# [Material for this exercise]
************
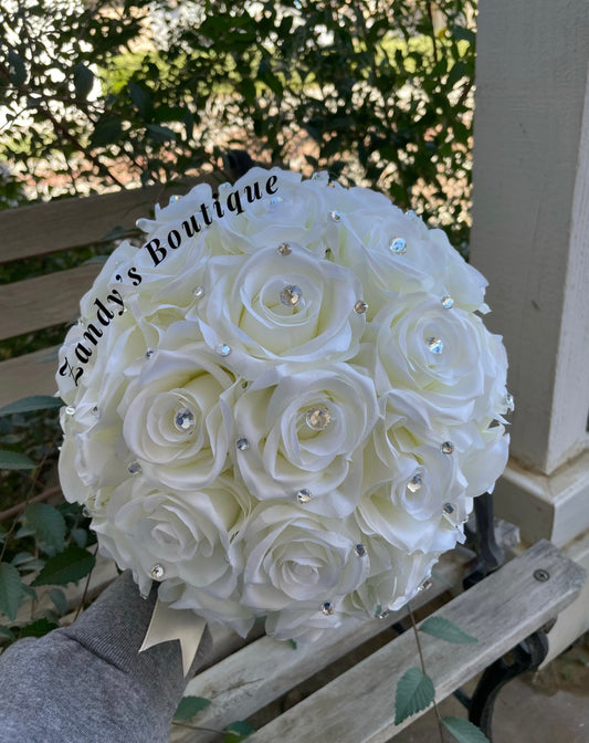 Ivory with Silver Diamonds Bouquet. IVY021 by MARINA’S CRAFT.
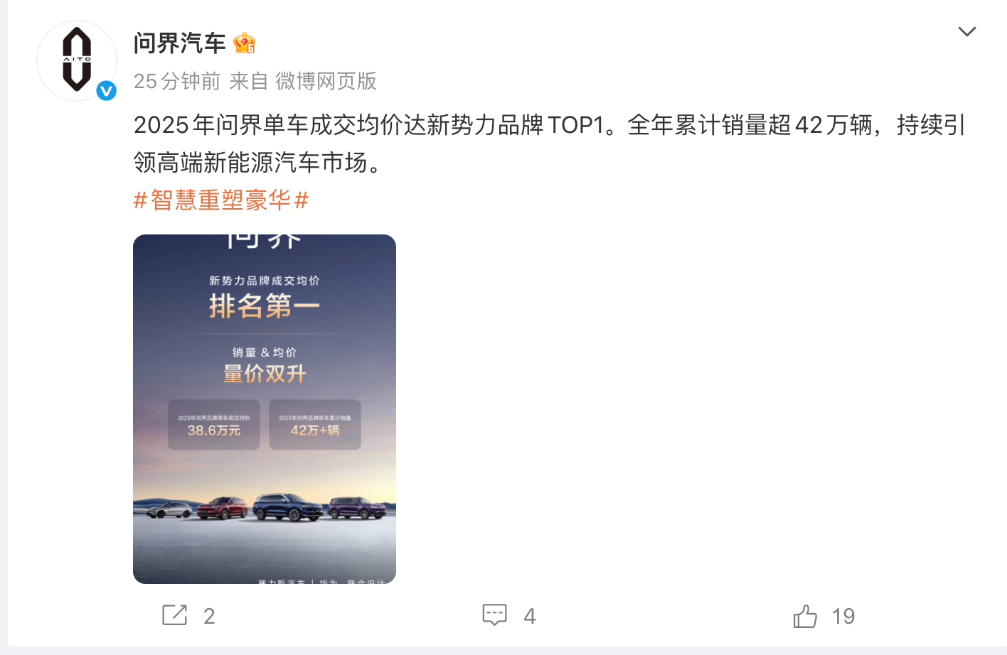 凤凰网科技讯 2月3日,问界汽车官方宣布,2025年问界单车成交均价38.6万元,达新势力品牌TOP1,同时全年累计销量超42万辆。
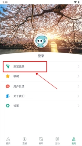 2、在个人中心选择"浏览记录"功能;
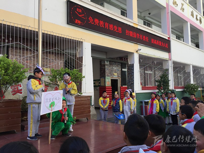 本網(wǎng)訊 為喚起植樹造林、綠化環(huán)境、美化生活的共同意識(shí),養(yǎng)成低碳環(huán)保生活習(xí)慣。近日,丹巴縣城區(qū)小學(xué)校利用周一國(guó)旗下講話為契機(jī),用小品的形式,開展植樹造林活動(dòng)宣傳。
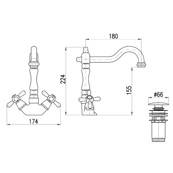 Крепление, Аэратор, Гибкая подводка, Донный клапан
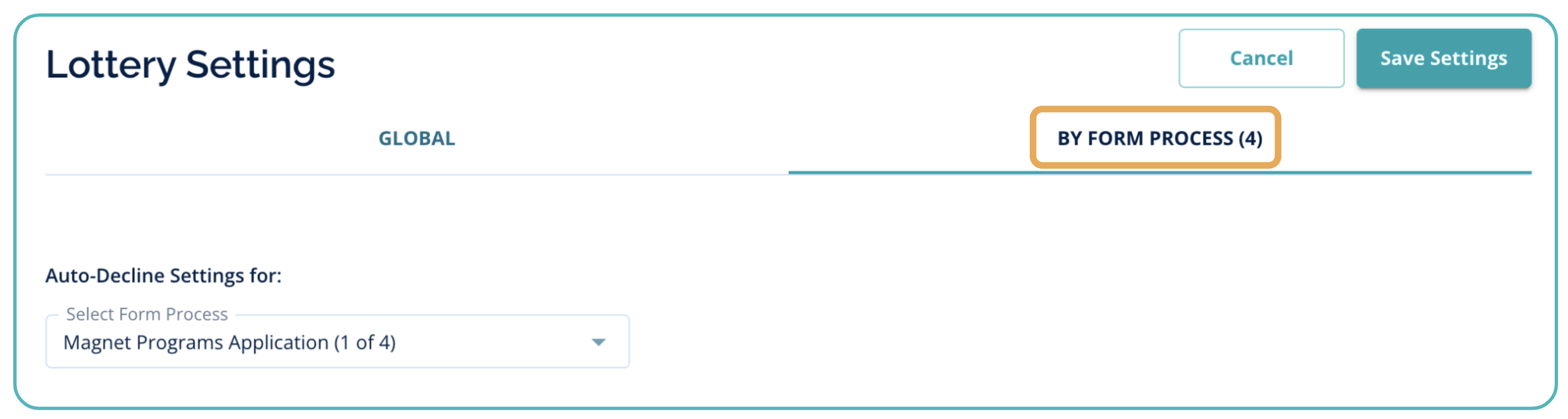 - Review Lottery Settings by Form Process
************
# [Task brief]
Output nothing but an exact retyping of the material, pictures excluded.

# [Result of this exercise]
 Ivory with Silver Diamonds Bouquet. IVY021 by MARINA’S CRAFT.
 凤凰网科技讯 2月3日,问界汽车官方宣布,2025年问界单车成交均价38.6万元,达新势力品牌TOP1,同时全年累计销量超42万辆。
 2、在个人中心选择"浏览记录"功能;
 本網(wǎng)訊 為喚起植樹造林、綠化環(huán)境、美化生活的共同意識(shí),養(yǎng)成低碳環(huán)保生活習(xí)慣。近日,丹巴縣城區(qū)小學(xué)校利用周一國(guó)旗下講話為契機(jī),用小品的形式,開展植樹造林活動(dòng)宣傳。
 Крепление, Аэратор, Гибкая подводка, Донный клапан
 - Review Lottery Settings by Form Process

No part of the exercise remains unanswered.